Figure 6.

Difference in the Rep78/Rep52 expression ratio improves AAV vector quantity and quality

(A) Diagram of various replicase (Rep) constructs. CMV = CMV promoter; Rep2 = full length AAV2 Rep gene; 78 = Rep78 gene; 52 = Rep52 gene; IRES = internal ribosome entry site sequence; P2A = 2A sequence of porcine teschovirus-1.

(B) Western blot of Rep proteins using various Rep constructs in HEK293 cells. Rep and β-actin proteins were detected using anti-Rep and anti-β-actin antibodies, respectively. The white triangle shows Rep52-P2A-Rep78 fusion proteins.

(C) Western blot of capsid (Cap) proteins during adeno-associated virus (AAV) vector production using various Rep constructs in HEK293 cells.

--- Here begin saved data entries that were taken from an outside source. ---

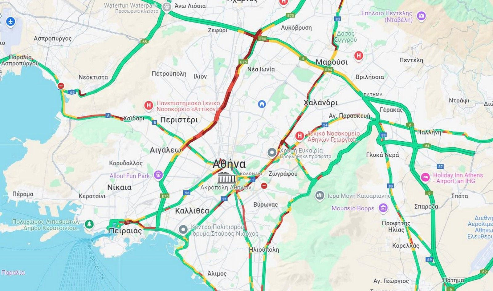 Στο “κόκκινο” και η Ηλιούπολη, προβλήματα και στην Λ. Αθηνών και στον Πειραιά.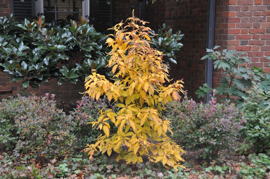 With its tiered branching habit, rich green foliage and abundant blooms, Mountain Sweet Pepperbush (Clethra acuminata) is an ideal plant for small landscapes. This multi-stemmed shrub is suitable as an understory plant in rich, acid woodlands. Mountain Sweet Pepperbush will grow 6-12’ tall and with age its outer bark exfoliates to reveal a cinnamon-colored inner bark. The small white flowers bloom from mid-July to August, are borne on 3-8” long spires, and open from the base to the tip. Mountain Sweet Pepperbush prefers a moist, well drained, humus-rich, acidic soil but will adapt to drier sites. It is tolerant of shady conditions though it flowers best with more sun. Combine this species with a groundcover of foamflower, drooping leucothoe, christmas fern, or cinnamon fern.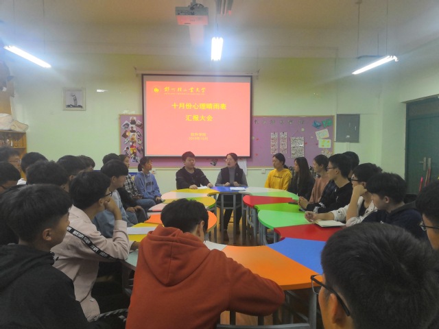 会议开始,李辉老师先对十月份学院开展的心理健康工作进行了总结;李老师对本月开展的心理测试、心理嘉年华活动、参观心理健康指导中心及蒲公英项目的申报及立项工作一一进行了梳理,对工作中存在的问题和学生干部们进行了讨论并形成进一步的解决方案。接下来,李老师布置了下阶段蒲公英项目的具体实施工作,并提出相关要求。最后,李老师带领大家一起分析心理晴雨表中班级学生出现的心理方面的问题和困惑。并就共性问题“室友之间的矛盾纠葛”、“学习和生活应该怎么调节?”等问题展开激烈的讨论,大家纷纷发表自己的理解和观点,并提出解决方法,李老师在汇集大家建议的基础上,给出了指导性意见,并要求心理委员能够把学到的技能和心理知识迁移到工作中去,为同学们的心理困惑排忧解难。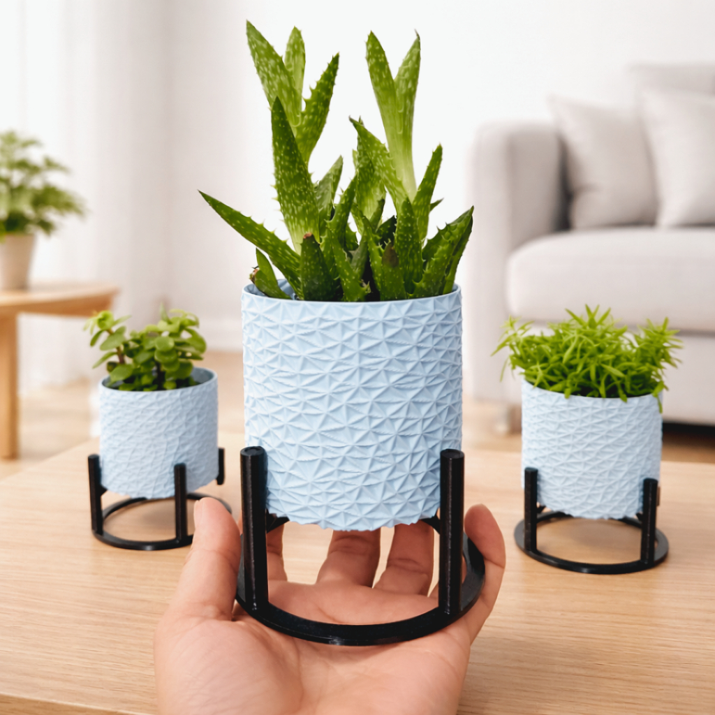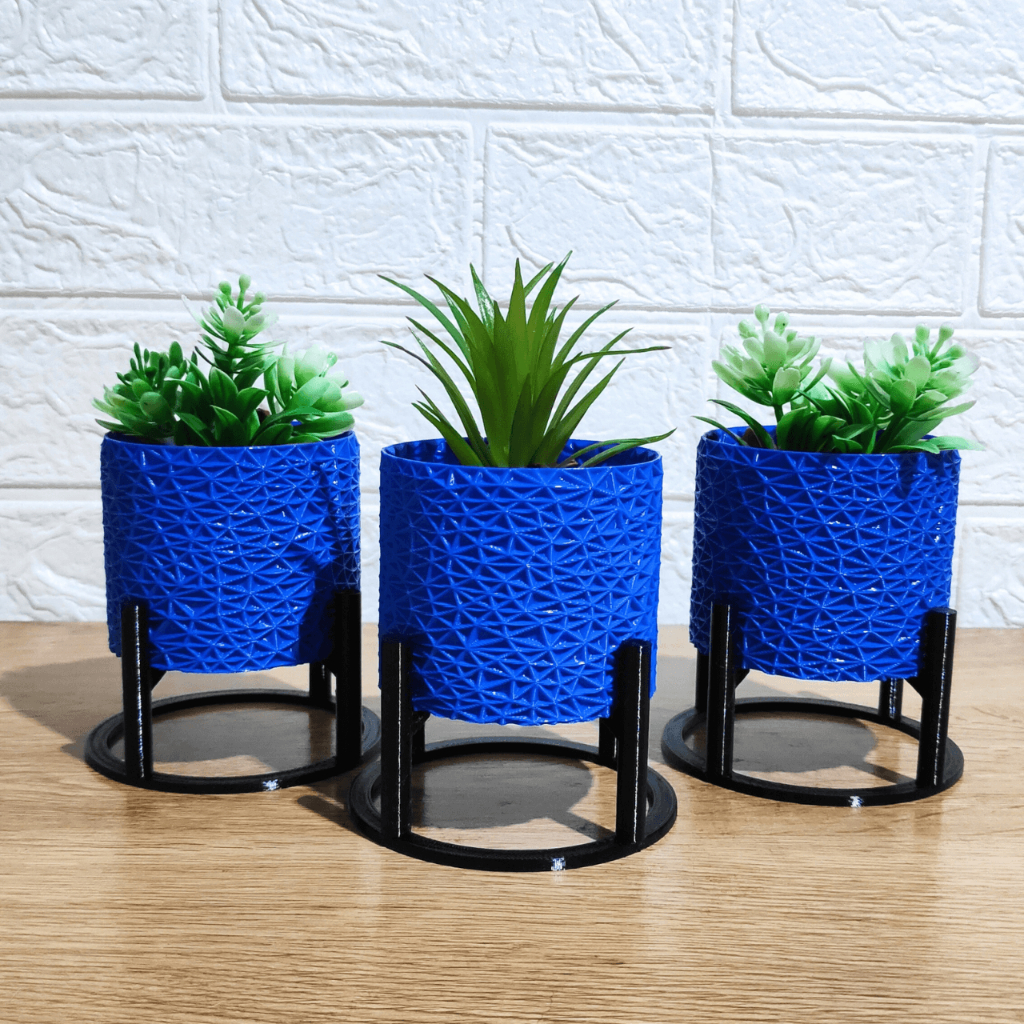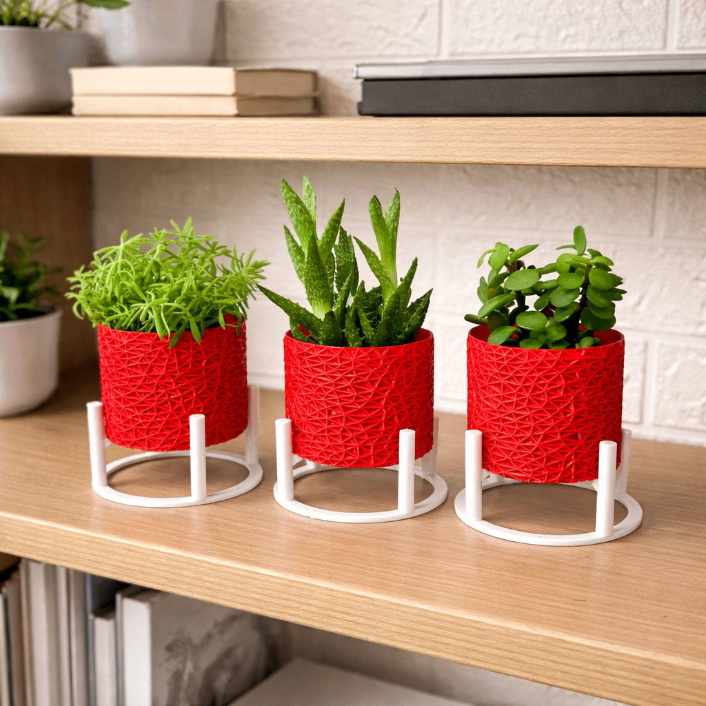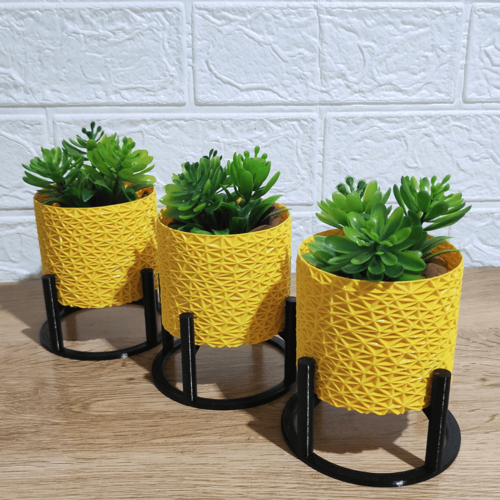 Kit 3 Vasos Decorativos para Suculentas Craquelados com suporte de pezinho Cachepot

Cap and β-actin proteins were detected using anti-Cap and anti-β-actin antibodies, respectively.

(D) AAV vector yields for various Rep expressions. Fold difference in AAV vector yields between the normal control (RC2) and various Rep-transfected groups after a change in medium and doxycycline stimulation at 12 h after transfection.

(E) Fold differences in qPCR/ELISA corresponding with the full/empty particle ratio during various Rep expressions. Data were normalized with the value of the RC2 sample to calculate fold difference.

(F) Infectivity data for AAV vectors produced using various Rep constructs. The 2v6.11 cells were infected with AAV2 (500 vg/cell) and observed at 96 h after infection. These data indicate infectivity of the AAV vector (EGFP; green) in AAV2 produced using various Rep transfections. The blue signal shows nuclei (Hoechst 33342). White bar shows 100 μm. Experiments were independently performed at least three times for statistical analysis. Asterisks in each panel indicate the following: ∗ = p< 0.05, ∗∗ = p< 0.01. Error bars indicate the standard error of the mean.